Les principales dispositions de la réforme peuvent être rassemblées autour de trois objectifs : rénovation de la démocratie locale, adaptation des structures à la diversité des territoires, organisation des compétences des collectivités territoriales

 

1 - La rénovation de la démocratie locale

a - Les conseillers territoriaux

 

Le projet de loi organisera l’élection en deux temps d’une nouvelle catégorie d’élus destinés à siéger à la fois au conseil général et au conseil régional, les conseillers territoriaux :

- 80% des conseillers territoriaux seront élus au scrutin uninominal à un tour dans les cantons ;

- 20% des conseillers territoriaux seront élus au scrutin de liste à un tour dans le cadre départemental. La répartition des sièges s’effectuera à la représentation proportionnelle suivant la règle du plus fort reste, en fonction du nombre de suffrages obtenus par les candidats non élus au mandat de conseiller territorial dans chaque canton du département et qui se sont rattachés à une liste départementale lors de leur déclaration de candidature. 3 000 conseillers territoriaux devraient être élus en 2014 dans ce nouveau cadre, soit une réduction d’environ 50 % du nombre d’élus départementaux et régionaux par rapport aux effectifs actuels.

 

b - Élection des conseils municipaux des communes de plus de 500 habitants

Désormais, dans les communes de 500 à 3 499 habitants, les conseillers municipaux seront élus au scrutin de liste à deux tours, sans adjonction, ni suppression de noms et sans modification de l’ordre de présentation, comme actuellement dans les communes de 3 500 habitants et plus.

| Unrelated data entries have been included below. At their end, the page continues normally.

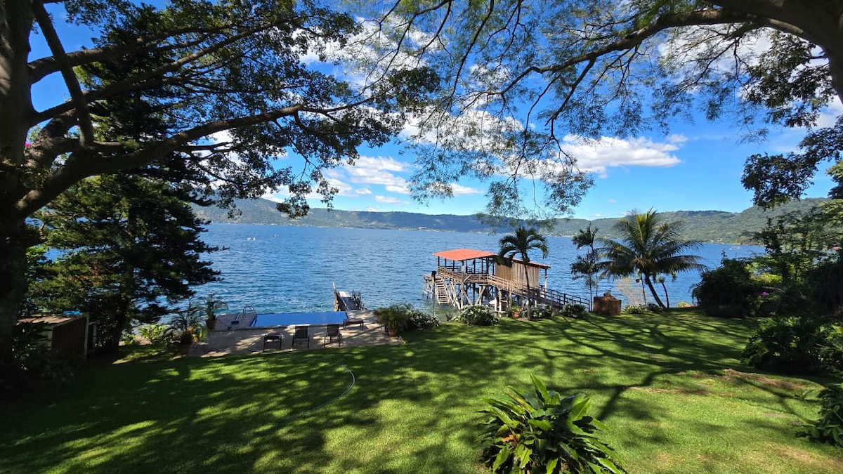 Perfect place to enjoy in private outside your home. Come experience Lake Coatepeque, a unique volcanic lake in Santa Ana. This is a lake house that has been recently renovated with a new on-lake deck, bathroom, floors, and other improvements. The house faces Lake Coatepeque. There is a kitchen, living room and wonderful terrace. Its about 45 minutes from San Salvador. There is free parking and a care taker who can provide assistance. Please ask about accommodations for service professionals.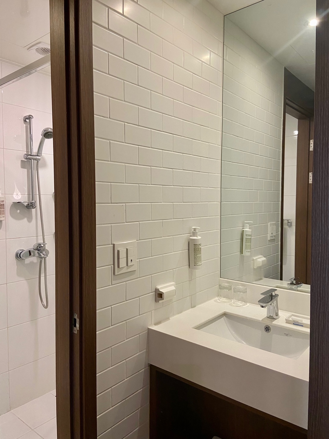 룸에 들어서면 사진에 보이듯 거실이 보이고 입구 쪽에 작은 욕실이 있어요. 욕조 없는 샤워 부스가 갖춰진 욕실로 세면대가 밖에 배치되어 있어서 사용이 편리해요. 욕실이 두 개 있어서 방 안에 큰 욕실이 위치해 있습니다. 용도가 다른 욕실 두개가 있어서 묵을 때 편해요. 지하에 사우나가 있어서 사우나를 꼭 한번씩 가기도 해요.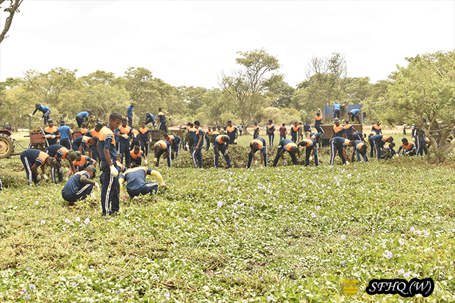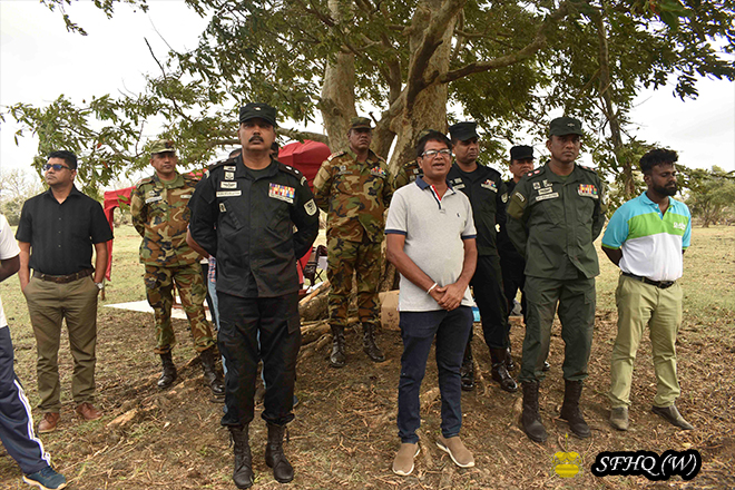In parallel with the Clean Sri Lanka Programme, together with the “Wildy Tuskers” Organization and under the full supervision of Brigadier B.A.M.P. Balasuriya RSP, Commander of the 212 Infantry Brigade, the third consecutive day of the program was carried out at the Bund of Balalu Tank on 07 September 2025 from 0900 hrs to 1300 hrs. During this program, invasive plants such as Agada and Japan Jabara, which obstructed the lifestyle of elephants, were removed from an extent of approximately 4 to 5 acres.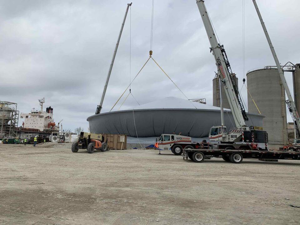 In Chesapeake, Virginia, Dome Technology is hard at work on a 67,500-metric-ton DomeSilo for Titan America. The dome is 138 feet in diameter and 141 feet tall and is engineered to withstand settling and natural disaster alike.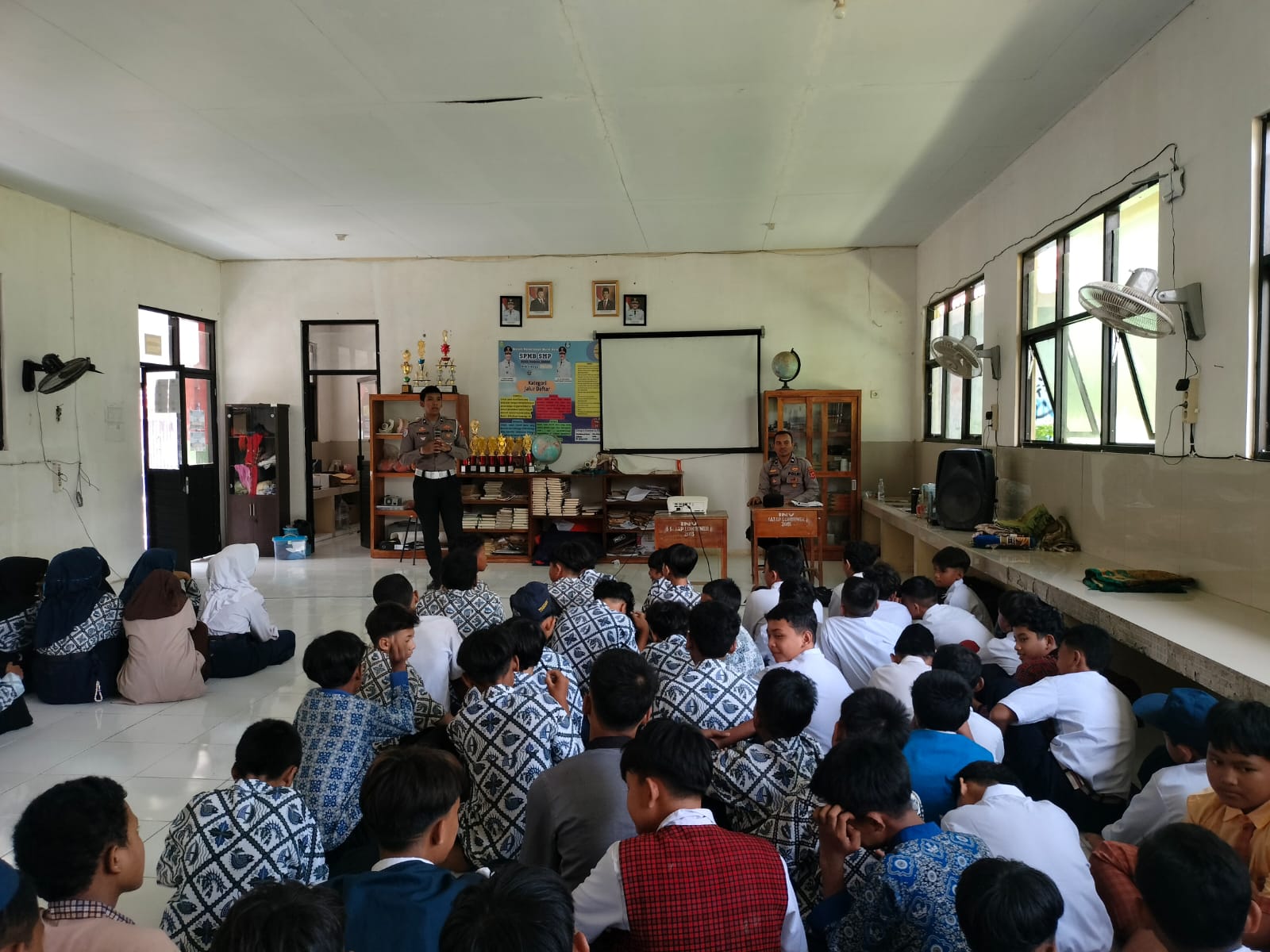 Para siswa baru duduk tertib, menyimak dengan penuh perhatian dua anggota kepolisian yang hadir memberikan materi penting dalam rangka Masa Pengenalan Lingkungan Sekolah (MPLS) Tahun Ajaran 2025/2026.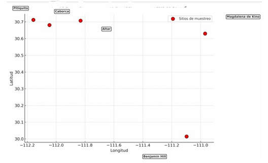 Tabla 1 Distribución de muestras por localidad, coordenadas y condiciones ambientales. Datos recopilados entre marzo y mayo de 2022 en el oeste de Sonora.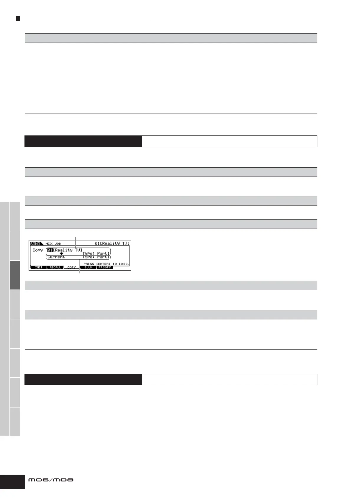 This convenient operation lets you copy certain settings of the four Parts in a performance to the Song Mixing program currently being edited.

c - Élection des délégués des communes de 500 habitants et plus au conseil communautaire

 

Les délégués des communes de 500 habitants et plus au sein des organes délibérants des EPCI seront élus en même temps que les conseillers municipaux. Une fois effectuée l’attribution des sièges de conseillers municipaux, les sièges des délégués communautaires seront répartis dans les mêmes conditions entre les listes. Ils seront attribués dans l’ordre de présentation des candidats sur les listes.

 

d - Composition des conseils communautaires

 

Les projets de loi définiront de nouvelles règles de composition des conseils communautaires, ainsi que de nouvelles modalités de répartition des sièges de délégués supplémentaires.

 

Un siège sera attribué à chaque commune membre. Puis des sièges supplémentaires seront attribués. Leur nombre sera déterminé en fonction de la population de la communauté.

 

Les modalités de répartition des sièges supplémentaires favoriseront les communes les plus peuplées. Toutefois, aucune commune ne pourra disposer de plus de la moitié des sièges au conseil de communauté.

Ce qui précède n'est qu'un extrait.